Records for this task >>
--------------------------------------------------

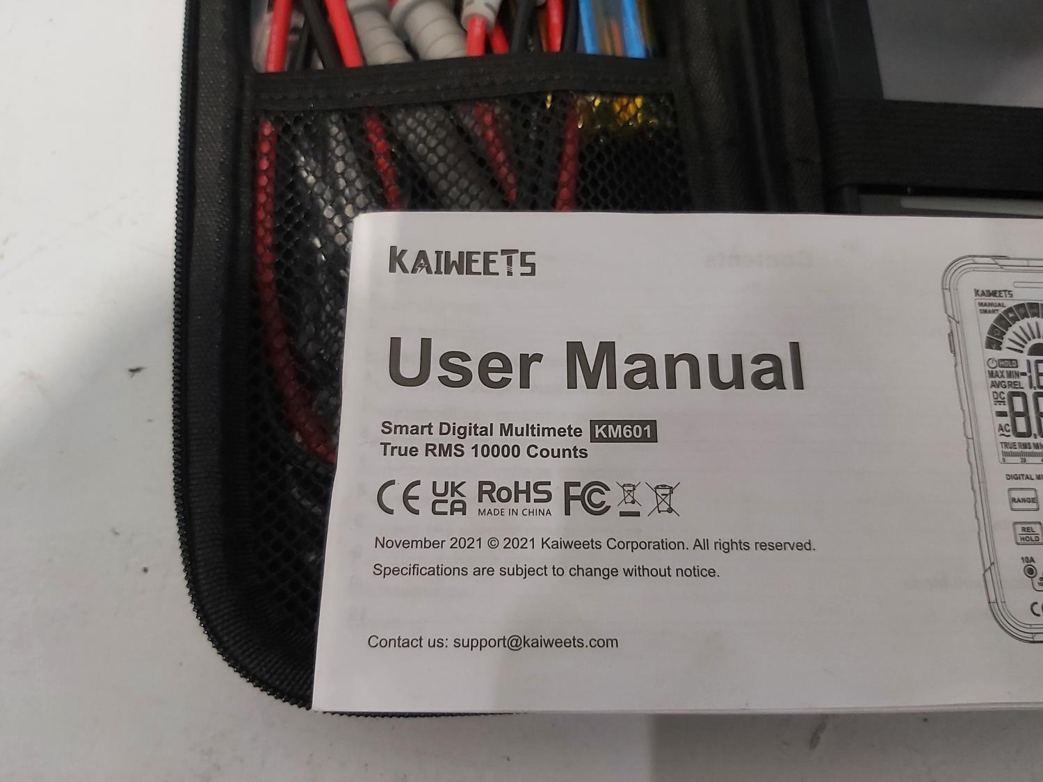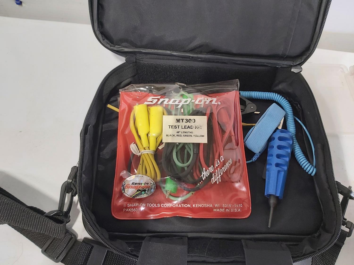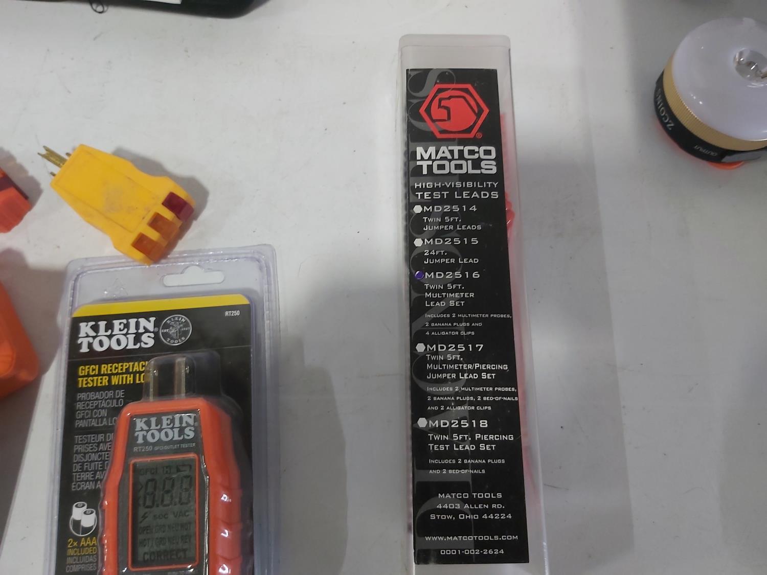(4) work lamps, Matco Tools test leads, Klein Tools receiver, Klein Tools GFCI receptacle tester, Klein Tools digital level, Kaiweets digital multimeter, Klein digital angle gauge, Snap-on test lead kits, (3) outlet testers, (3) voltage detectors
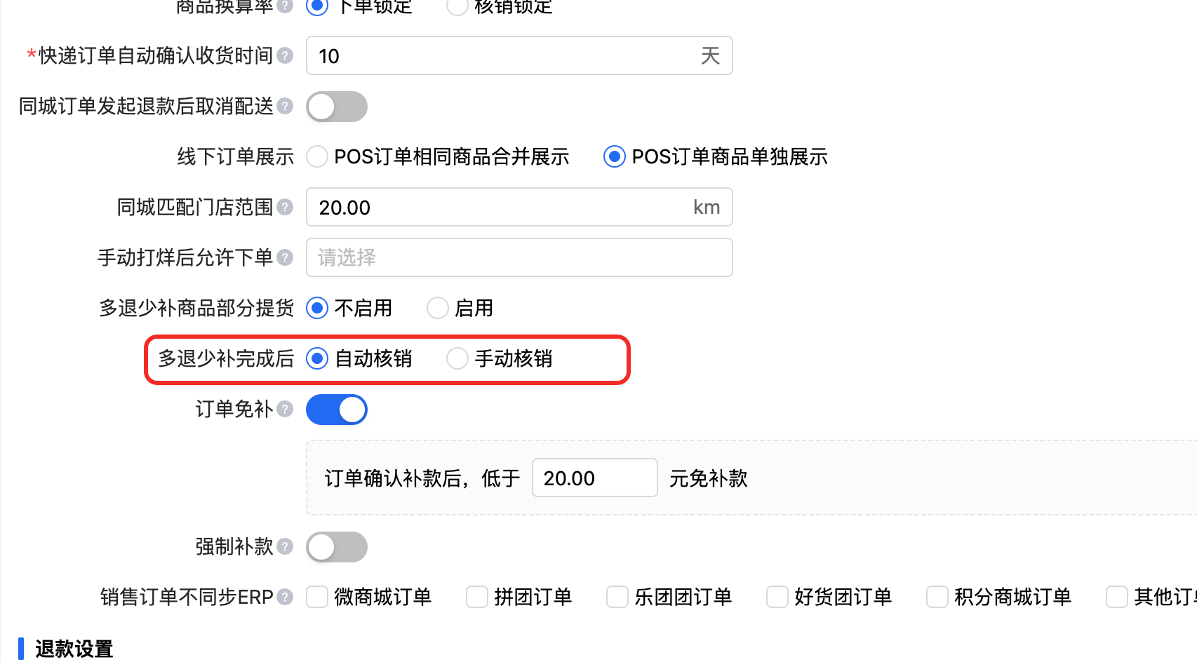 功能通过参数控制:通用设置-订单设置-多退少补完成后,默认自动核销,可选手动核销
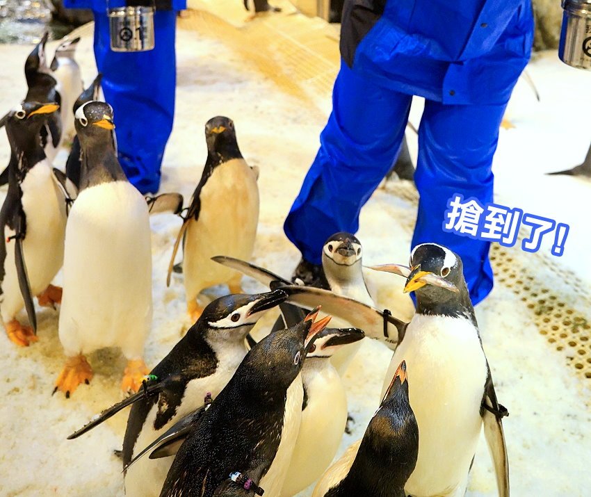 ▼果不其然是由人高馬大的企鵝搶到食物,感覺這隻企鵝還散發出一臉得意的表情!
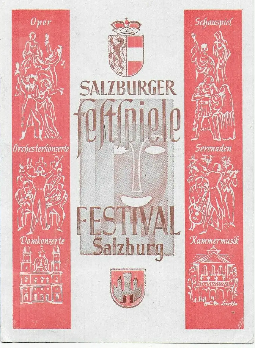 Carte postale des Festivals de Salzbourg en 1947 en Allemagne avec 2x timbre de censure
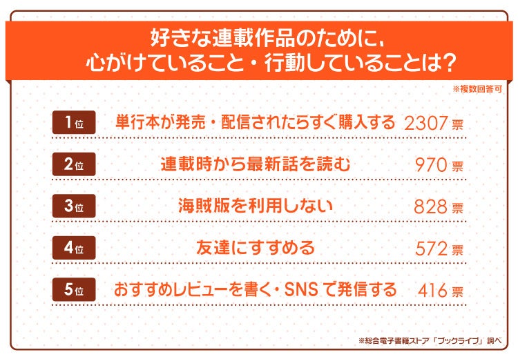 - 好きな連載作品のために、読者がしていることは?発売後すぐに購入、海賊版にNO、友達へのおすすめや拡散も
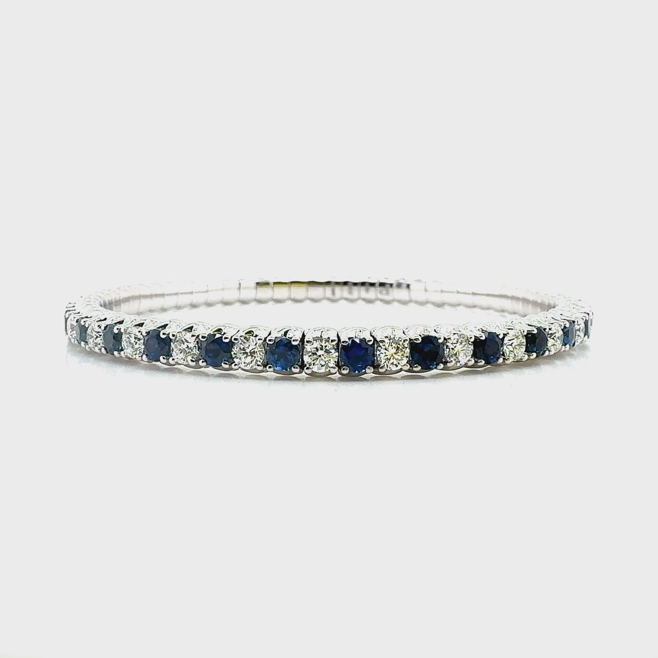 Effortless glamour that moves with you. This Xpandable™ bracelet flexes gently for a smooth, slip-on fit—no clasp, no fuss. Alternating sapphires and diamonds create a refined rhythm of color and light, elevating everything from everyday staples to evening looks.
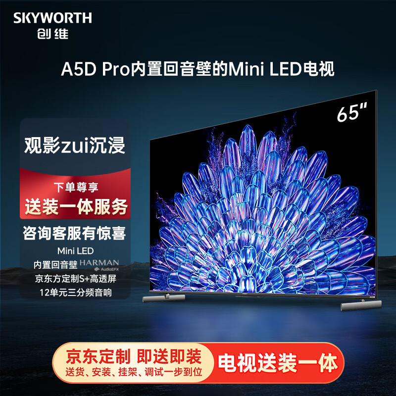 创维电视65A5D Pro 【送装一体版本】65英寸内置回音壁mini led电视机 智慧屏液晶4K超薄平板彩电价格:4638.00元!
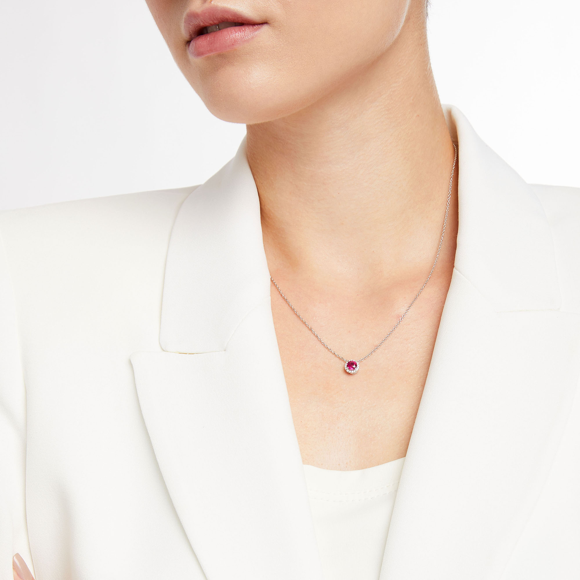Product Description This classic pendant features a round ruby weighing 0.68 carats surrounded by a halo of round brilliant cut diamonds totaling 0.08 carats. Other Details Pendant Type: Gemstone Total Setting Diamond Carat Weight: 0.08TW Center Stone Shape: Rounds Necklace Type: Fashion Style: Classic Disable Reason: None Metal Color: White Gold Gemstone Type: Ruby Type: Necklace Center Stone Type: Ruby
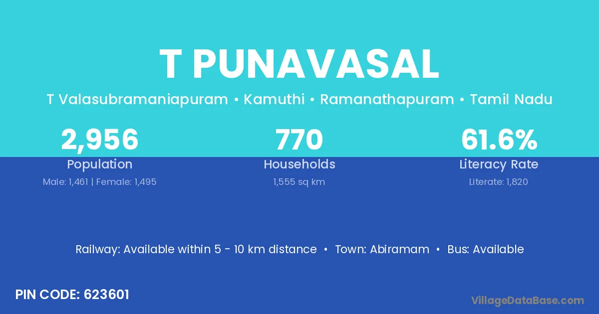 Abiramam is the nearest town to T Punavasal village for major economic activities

--------------------------------------------------

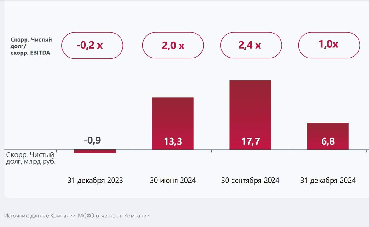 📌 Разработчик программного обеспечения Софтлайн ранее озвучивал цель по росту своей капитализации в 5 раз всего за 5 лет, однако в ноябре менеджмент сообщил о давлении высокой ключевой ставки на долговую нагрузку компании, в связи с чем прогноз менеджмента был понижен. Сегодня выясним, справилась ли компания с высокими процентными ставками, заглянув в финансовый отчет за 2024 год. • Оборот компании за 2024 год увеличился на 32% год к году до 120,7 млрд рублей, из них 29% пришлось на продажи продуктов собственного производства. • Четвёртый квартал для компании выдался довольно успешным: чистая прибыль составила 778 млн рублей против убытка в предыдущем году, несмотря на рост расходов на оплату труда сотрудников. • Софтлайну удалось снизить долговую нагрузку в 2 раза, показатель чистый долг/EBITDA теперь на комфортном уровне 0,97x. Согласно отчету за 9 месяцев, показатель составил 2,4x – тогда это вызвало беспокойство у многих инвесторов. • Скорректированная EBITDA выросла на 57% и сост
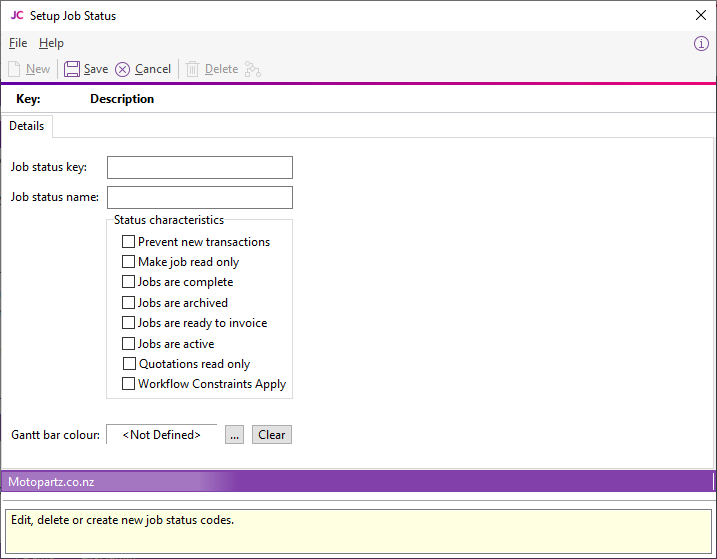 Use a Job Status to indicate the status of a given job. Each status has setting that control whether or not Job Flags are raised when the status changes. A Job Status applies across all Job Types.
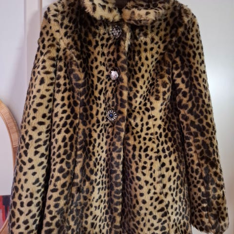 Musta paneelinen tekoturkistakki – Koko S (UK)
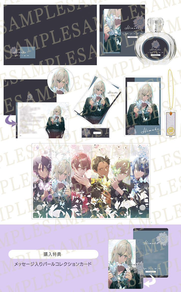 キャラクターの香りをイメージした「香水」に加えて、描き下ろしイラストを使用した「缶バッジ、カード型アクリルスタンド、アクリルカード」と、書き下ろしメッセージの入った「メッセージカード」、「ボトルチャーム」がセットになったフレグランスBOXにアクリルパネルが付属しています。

--------------------------------------------------

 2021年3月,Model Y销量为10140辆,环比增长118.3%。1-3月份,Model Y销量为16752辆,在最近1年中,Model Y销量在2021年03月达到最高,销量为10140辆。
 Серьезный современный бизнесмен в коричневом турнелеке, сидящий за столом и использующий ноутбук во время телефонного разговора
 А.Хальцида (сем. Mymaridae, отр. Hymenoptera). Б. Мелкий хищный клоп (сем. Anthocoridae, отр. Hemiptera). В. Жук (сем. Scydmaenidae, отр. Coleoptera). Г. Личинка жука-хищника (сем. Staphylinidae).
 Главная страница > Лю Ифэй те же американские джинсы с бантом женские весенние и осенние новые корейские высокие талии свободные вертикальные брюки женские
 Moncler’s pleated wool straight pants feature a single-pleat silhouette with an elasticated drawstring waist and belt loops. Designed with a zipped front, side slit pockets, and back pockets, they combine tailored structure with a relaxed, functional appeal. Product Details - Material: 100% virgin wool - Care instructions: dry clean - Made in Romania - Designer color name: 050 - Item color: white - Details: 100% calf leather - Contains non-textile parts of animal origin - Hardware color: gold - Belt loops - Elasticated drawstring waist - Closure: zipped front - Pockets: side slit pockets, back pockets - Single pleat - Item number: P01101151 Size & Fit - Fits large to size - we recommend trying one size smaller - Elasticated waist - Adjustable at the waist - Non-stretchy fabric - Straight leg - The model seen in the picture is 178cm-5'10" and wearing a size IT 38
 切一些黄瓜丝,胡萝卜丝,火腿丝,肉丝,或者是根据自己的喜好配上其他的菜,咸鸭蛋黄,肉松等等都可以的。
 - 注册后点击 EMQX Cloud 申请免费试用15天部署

--------------------------------------------------

Exercise >> In the listing above, find the line containing "(4) work lamps, Matco" and the line containing "Abiramam is the"; print those lines and every line between them exactly, leaving out pictures.

Written reply >>
(4) work lamps, Matco Tools test leads, Klein Tools receiver, Klein Tools GFCI receptacle tester, Klein Tools digital level, Kaiweets digital multimeter, Klein digital angle gauge, Snap-on test lead kits, (3) outlet testers, (3) voltage detectors
 功能通过参数控制:通用设置-订单设置-多退少补完成后,默认自动核销,可选手动核销
 ▼果不其然是由人高馬大的企鵝搶到食物,感覺這隻企鵝還散發出一臉得意的表情!
 Carte postale des Festivals de Salzbourg en 1947 en Allemagne avec 2x timbre de censure
 - 好きな連載作品のために、読者がしていることは?発売後すぐに購入、海賊版にNO、友達へのおすすめや拡散も
 Effortless glamour that moves with you. This Xpandable™ bracelet flexes gently for a smooth, slip-on fit—no clasp, no fuss. Alternating sapphires and diamonds create a refined rhythm of color and light, elevating everything from everyday staples to evening looks.
 创维电视65A5D Pro 【送装一体版本】65英寸内置回音壁mini led电视机 智慧屏液晶4K超薄平板彩电价格:4638.00元!
Product Description This classic pendant features a round ruby weighing 0.68 carats surrounded by a halo of round brilliant cut diamonds totaling 0.08 carats. Other Details Pendant Type: Gemstone Total Setting Diamond Carat Weight: 0.08TW Center Stone Shape: Rounds Necklace Type: Fashion Style: Classic Disable Reason: None Metal Color: White Gold Gemstone Type: Ruby Type: Necklace Center Stone Type: Ruby
 Abiramam is the nearest town to T Punavasal village for major economic activities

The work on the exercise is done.